Posttraumatic stress disorder (PTSD) is a serious mental disorder that occurs in response to a traumatic event. In this project, we will examine DNA methylation, an epigenetic form of gene regulation, for association with PTSD. We will utilize data from state of the art methylation beadchips that measure more than 850,000 locations along the genome. First, we will perform an epigenome-wide association study (EWAS) of PTSD in blood. This will be followed by a candidate gene analysis of PTSD and glucocorticoid-responsive genes based on our recent genome-wide gene expression study of PTSD (Logue et al., 2015). That study found genes whose expression in blood was closely correlated with PTSD case/control status, including many glucocorticoid-responsive genes that have not been previously studied in relationship to PTSD. These analyses will utilize data from two U.S. Department of Veterans Affairs (VA) cohorts (total n>1000) made up primarily of US veterans with a high prevalence of PTSD. Replication of these findings will be sought from a large epigenetics consortium. Then, we will perform genome-wide and candidate-gene association studies of PTSD using tissue from 50 brains obtained from a recently formed PTSD brain bank. We will specifically analyze methylation in the hippocampus, amygdala, and hypothalamus—three regions implicated in PTSD, HPA axis functioning, and anxiety. The impact of PTSD-associated differential methylation on gene expression in the brain will be investigated using chromogenic in-situ hybridization that will provide a measure of gene expression as well as provide localization of that expression to particular cell types (e.g. neurons or glia). We will investigate the effects of these differences on neural integrity using a VA cohort with existing MRI data (n>400). In this way, we will link PTSD-associated DNA methylation differences in blood to DNA methylation differences in the brain, gene-expression differences in the brain, and morphological differences in the brain. This will yield clinically relevant biomarkers for PTSD, trauma exposure, and PTSD-related symptomatology and important information about the biology underpinning the observed associations.

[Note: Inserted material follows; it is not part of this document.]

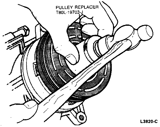 2. Install the pulley and bearing on the compressor. The bearing is a slip fit on the compressor head and, if properly aligned, it should slip on the compressor head. If difficulty is encountered installing the pulley, gently tap the pulley on the compressor using the Pulley and Bearing Tool T80L-19703-J. Ensure the pulley bearing is aligned with the compressor head.
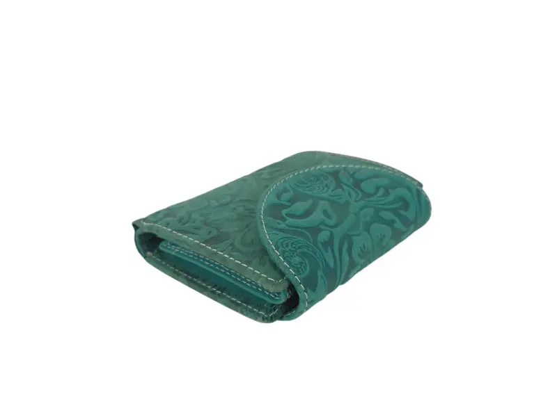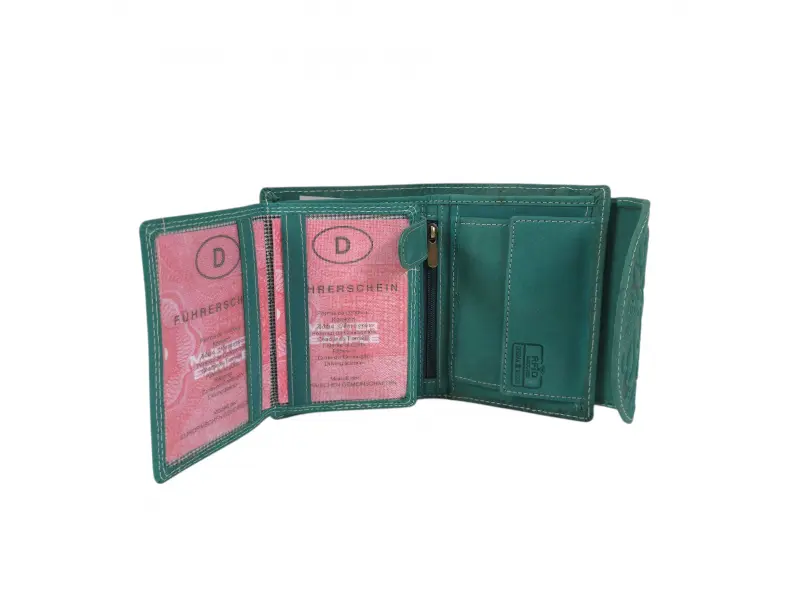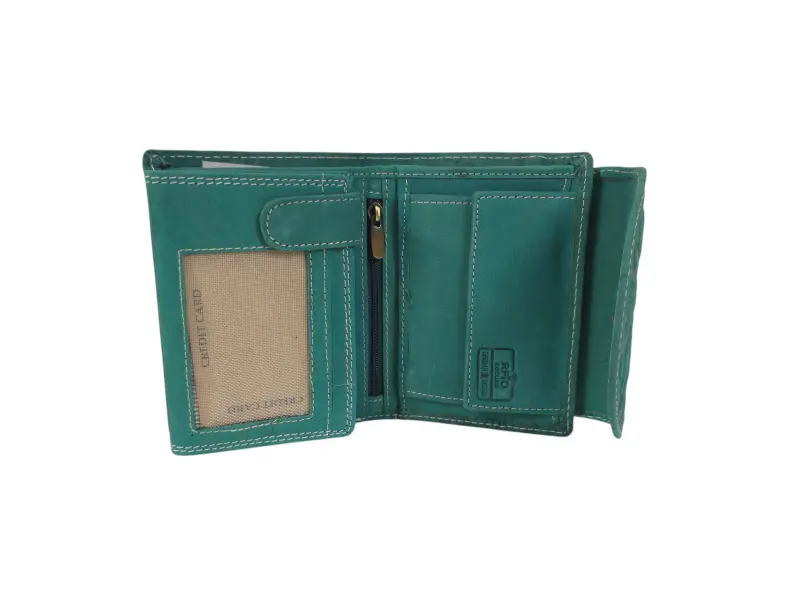 Зелено дамско портмоне от Индия - Дамско портмоне от естествена кожа. - Закопчаване с копче тик-так. - Отделения за карти. - Отделения за банкноти. - Вътрешен монетник с копче. - Вътрешен джоб с цип. - Заден джоб с цип.

创伤后应激障碍（PTSD）是一种严重的精神障碍， 创伤性事件在这个项目中，我们将研究DNA甲基化，一种基因调控的表观遗传形式， 与PTSD有关。我们将利用来自最先进的甲基化珠芯片的数据， 基因组上有85万个沿着的位置。首先，我们将进行表观全基因组关联研究（EWAS）， 血液中的PTSD随后将进行PTSD和糖皮质激素敏感性的候选基因分析。 基于我们最近的PTSD的全基因组基因表达研究（Logue等，2015年）。该研究 发现血液中的表达与PTSD病例/对照状态密切相关的基因，包括许多 糖皮质激素反应基因，以前没有研究过与PTSD的关系。这些 分析将利用来自美国退伍军人事务部（VA）两个队列（总数n>1000）的数据， 主要是创伤后应激障碍高发的美国退伍军人。这些发现的复制将从一个 大型表观遗传学财团然后，我们将进行全基因组和候选基因关联研究， PTSD使用的是从最近成立的PTSD脑库中获得的50个大脑组织。我们将特别 分析海马、杏仁核和下丘脑的甲基化--这三个区域与创伤后应激障碍有关， 下丘脑-垂体-肾上腺轴功能和焦虑。PTSD相关的差异甲基化对基因表达的影响 将使用显色原位杂交来研究大脑中的基因， 表达以及将该表达定位于特定细胞类型（例如神经元或神经胶质）。我们 将使用具有现有MRI数据的VA队列研究这些差异对神经完整性的影响 （n>400）。通过这种方式，我们将血液中PTSD相关的DNA甲基化差异与DNA甲基化联系起来 大脑中的差异，大脑中的基因表达差异，以及大脑中的形态差异。 这将产生临床相关的生物标志物创伤后应激障碍，创伤暴露，创伤后应激障碍相关的病理学 以及关于支撑观察到的关联的生物学的重要信息。